### Data below

•••

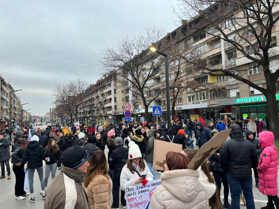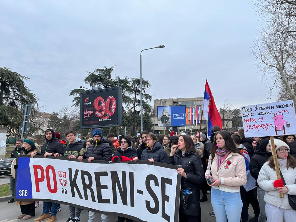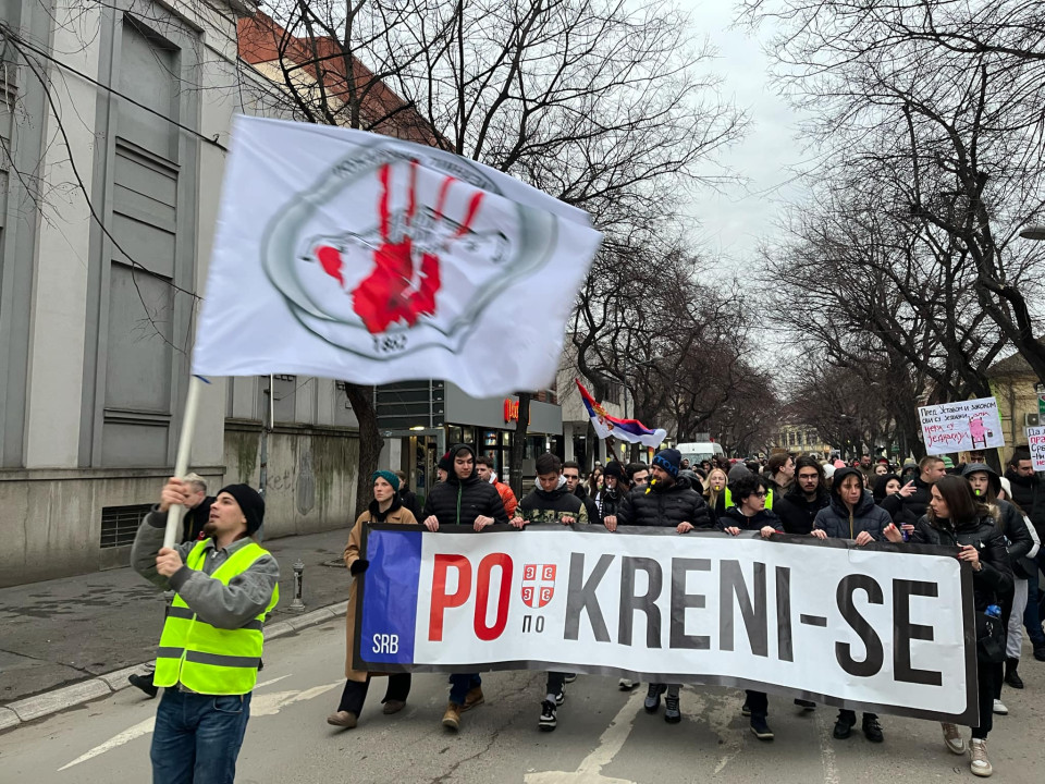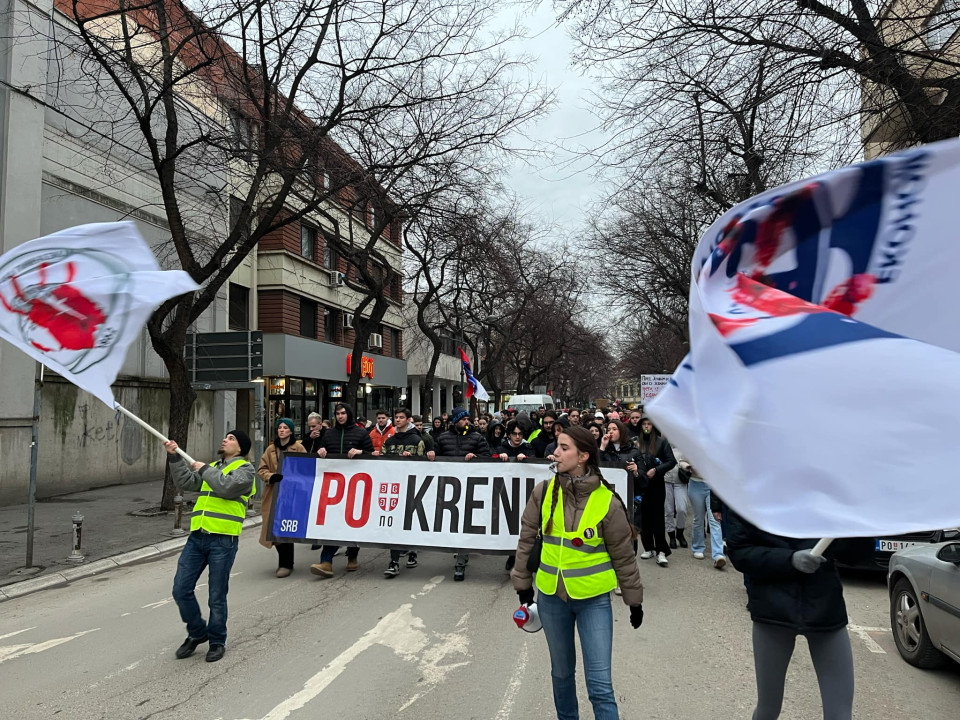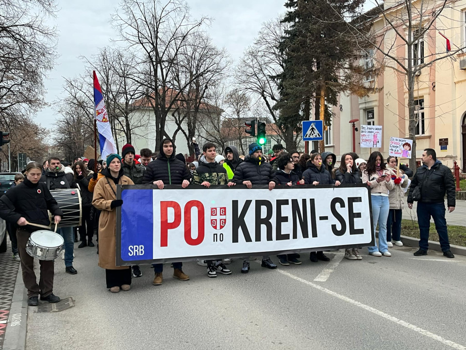 Još jedan protest maturanata Požarevačke gimnazije i Ekonomsko-trgovinske škole pod nazivom "POkreni se" počeo je u centru grada.
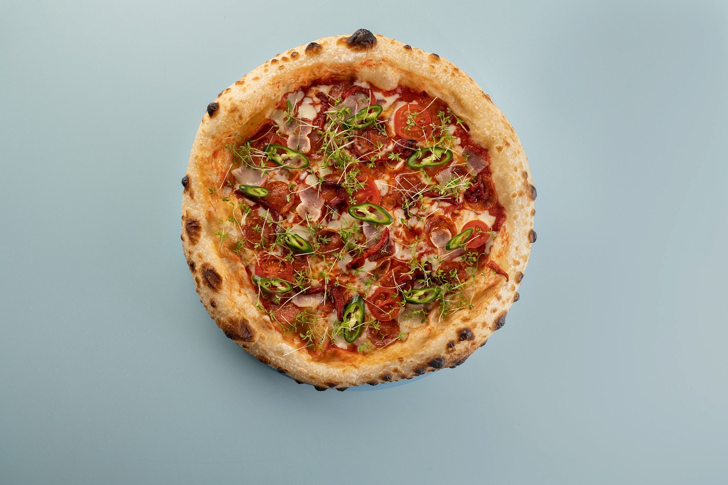 Вес: 550 гр Состав: тесто для пиццы, острый томатный соус, моцарелла, болгарский перец, чоризо, бекон, зеленый острый перец, томаты черри
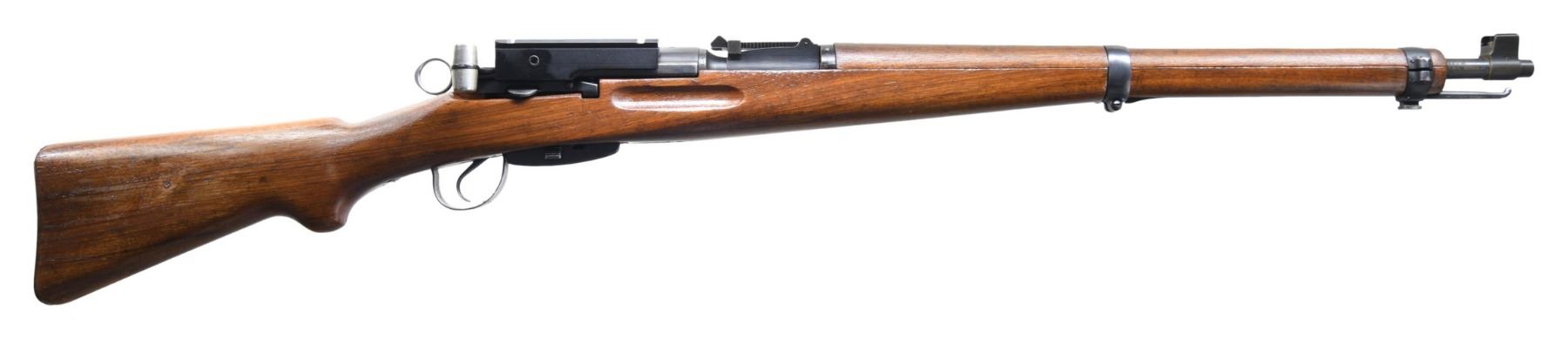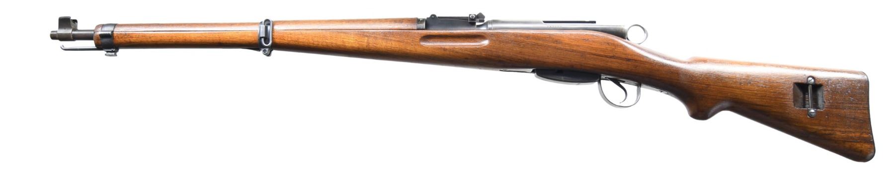 Cal. 7.5 Swiss. S# 737900. Bbl. 25 5/8" with import marking. Blade front sight with protective ears. Tangent rear sight graduated to 1500m. Right side of receiver has modern Weaver style scope mount. All visible matching numbers including mag. Receiver top has Swiss cross marking. 1943 made K31 rifle. Blued finish. Walnut stock set with left side sling provisions. Right side of butt has Swiss cross cartouche. MAGS: 1-6 rd. CONDITION: stock appears lightly sanded with added finish, a neatly executed armorer repair at toe, scattered handling marks & light dings. Metal retains 40% arsenal rework blue with many areas turning gray possibly from touch-up blue, some light oxidation & edge wear. Action functions properly when hand cycled. Bore shows a ring near muzzle but is otherwise bright with strong rifling. (25-2222/MJC). CURIO. $200-400.

•••

### Required action
Where the material contains pictures, leave them out and copy the rest verbatim.

### Task result
 Još jedan protest maturanata Požarevačke gimnazije i Ekonomsko-trgovinske škole pod nazivom "POkreni se" počeo je u centru grada.
 Вес: 550 гр Состав: тесто для пиццы, острый томатный соус, моцарелла, болгарский перец, чоризо, бекон, зеленый острый перец, томаты черри
 Cal. 7.5 Swiss. S# 737900. Bbl. 25 5/8" with import marking. Blade front sight with protective ears. Tangent rear sight graduated to 1500m. Right side of receiver has modern Weaver style scope mount. All visible matching numbers including mag. Receiver top has Swiss cross marking. 1943 made K31 rifle. Blued finish. Walnut stock set with left side sling provisions. Right side of butt has Swiss cross cartouche. MAGS: 1-6 rd. CONDITION: stock appears lightly sanded with added finish, a neatly executed armorer repair at toe, scattered handling marks & light dings. Metal retains 40% arsenal rework blue with many areas turning gray possibly from touch-up blue, some light oxidation & edge wear. Action functions properly when hand cycled. Bore shows a ring near muzzle but is otherwise bright with strong rifling. (25-2222/MJC). CURIO. $200-400.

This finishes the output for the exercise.